Pourtant, Rodion tue, et il en est le premier surpris. Il tue une deuxième fois, malgré lui, par un engrenage, par obligation, pour résoudre un problème fâcheux. Il est tout autant surpris d'assassiner que de s'en sortir sans se faire prendre. Le voilà assassin. Et alors les idées de grandeur disparaissent, s'éteignent en lui en même temps que le cœur de la vieille. Le voilà oppressé par son propre crime, dépassé comme si son corps avait agi avant que son esprit y soit tout à fait résolu. Ce crime le rend malade. Il a la fièvre, se sépare des bijoux volés, commet des erreurs. Sont-ce des erreurs ? S'il est résolu à ne pas se dénoncer, une part de lui le veut si fort qu'il ne peut s'empêcher de retourner sur les lieux du crime, de trop parler. Et le lecteur, parce que la description de Aliona Ivanova ne peut lui permettre de compatir ni de s'indigner, déplore tant de maladresse.

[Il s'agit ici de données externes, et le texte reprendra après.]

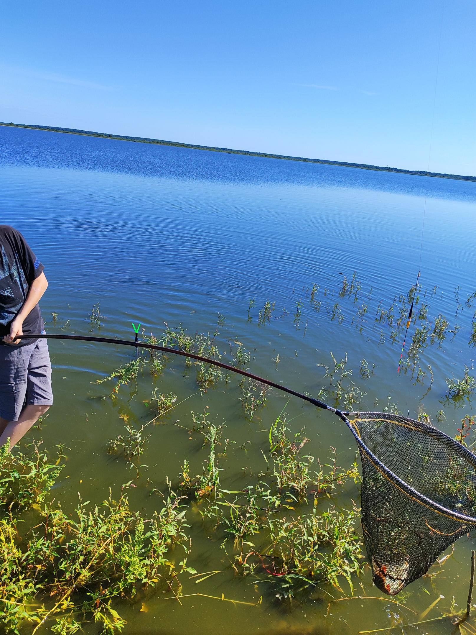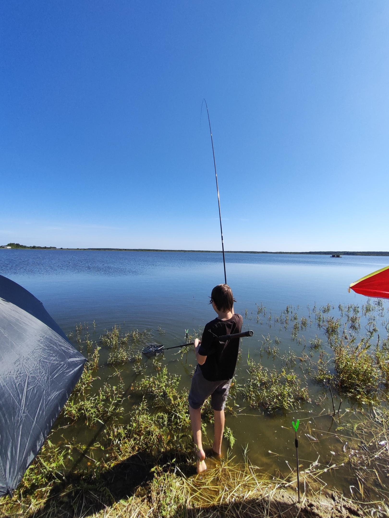 Клевать начало с первого заброса. Поймать пацан сразу не смог, но я ему сказал понаблюдать и подумать когда подсекать. В общем, не успел я разложить свою удочку, как уже тянет. Ну на тебе подсак, разбирайся со своей рыбой)

Voilà qui est prodigieux : Dostoïevski fait en sorte que le lecteur, pris lui aussi dans cette fièvre de puissance,  puisse vouloir conseiller à Rodia de rester prudent, de ne point se faire prendre, et même de disposer de l'argent. C'est si bête, un crime pour rien. Qu'au moins la sale besogne lui serve !

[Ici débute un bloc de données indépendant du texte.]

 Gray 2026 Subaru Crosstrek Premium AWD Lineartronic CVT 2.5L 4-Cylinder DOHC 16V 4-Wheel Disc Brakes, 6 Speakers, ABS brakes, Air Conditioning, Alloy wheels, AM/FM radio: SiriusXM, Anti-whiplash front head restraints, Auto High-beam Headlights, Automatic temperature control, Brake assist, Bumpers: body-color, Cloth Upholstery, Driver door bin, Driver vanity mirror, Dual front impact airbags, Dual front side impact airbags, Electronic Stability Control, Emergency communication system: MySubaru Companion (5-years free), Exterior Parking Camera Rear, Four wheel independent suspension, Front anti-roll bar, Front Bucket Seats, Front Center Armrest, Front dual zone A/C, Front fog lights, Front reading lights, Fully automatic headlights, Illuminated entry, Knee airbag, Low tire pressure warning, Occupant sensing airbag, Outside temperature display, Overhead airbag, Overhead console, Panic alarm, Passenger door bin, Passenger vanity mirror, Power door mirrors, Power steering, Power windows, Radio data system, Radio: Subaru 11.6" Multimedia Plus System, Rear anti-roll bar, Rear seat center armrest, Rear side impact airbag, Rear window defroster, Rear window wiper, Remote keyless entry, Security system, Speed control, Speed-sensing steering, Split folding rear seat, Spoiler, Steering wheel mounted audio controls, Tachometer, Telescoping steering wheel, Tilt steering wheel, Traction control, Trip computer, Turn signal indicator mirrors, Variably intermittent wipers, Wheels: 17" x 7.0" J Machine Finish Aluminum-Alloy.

Mais non, Rodia a voulu tuer, se sentir Napoléon, mais il n'en n'a ni les épaules ni la hardiesse. Le crime l'a affaibli plutôt que de l'enrichir. Le voici tourmenté, oppressé, aliéné, harcelé par son crime. Pris de remords, rongé par la culpabilité, il sombre dans la folie qui se matérialise en paranoïa : tout le monde sait qu'il a tué, c'est presque inscrit sur son front. Chaque mot qu'il entend le ramène à son crime. Sa culpabilité devient un calvaire, son châtiment.
Le secret devient si lourd à porter qu'il faut qu'il le partage. Il rencontre Sofia Semionovna, une prostituée dont il tombe environ amoureux. J'écris « environ » parce que cet amour est opportun : il lui fallait rencontrer quelqu'un de bon, de généreux, quelqu'un qui puisse entendre qu'il a tué et l'inciter à se rendre.
Il n'est pas le surhomme qu'il croyait être. Il n'aura été puissant qu'en pensée, et le meurtre l'aura rendu lâche : il n'est pas assez fort pour supporter, pour vivre avec le crime qu'il a commis. L'admirateur de Napoléon devient un petit être tremblant d'effroi face à sa culpabilité, incapable de triompher ni de jouir de son crime. Piètre surhomme qui ne l'est qu'en idée et qu'un premier acte effraie au point qu'il le regrette. Le voilà pris dans une atmosphère oppressante, anxiogène, harassante pour sa santé mentale. Bien sûr, la vanité, l'orgueil du surpuissant ne s'éteignent pas subitement. Raskolnikov garde ses audaces et ses arrogances, qui ne sont même pas des poses mais sa manière d'être. S'il est capable de calculs et de ruses pour ne pas se faire prendre, elles sont limitées par son caractère, demeuré en fond ce qu'il est. Et sans doute que ce tempérament, fier et froid, précipitera sa perte, fera qu'il sera soupçonné. Il ne sait pas feindre tout à fait. Il reste trop fier pour s'avouer cela d'un coup. Pourtant, le doute est là : il n'est pas un grand homme, au fond. Aucune gloire dans le meurtre d'une vieille femme sans défense,  c'est peut-être même une lâcheté, une vilénie dont Napoléon ne se serait pas enorgueilli. Après des jours de réflexion, de torture mentale, de prison intérieure, l'acte superbe devient un fardeau, une honte, une ignominie.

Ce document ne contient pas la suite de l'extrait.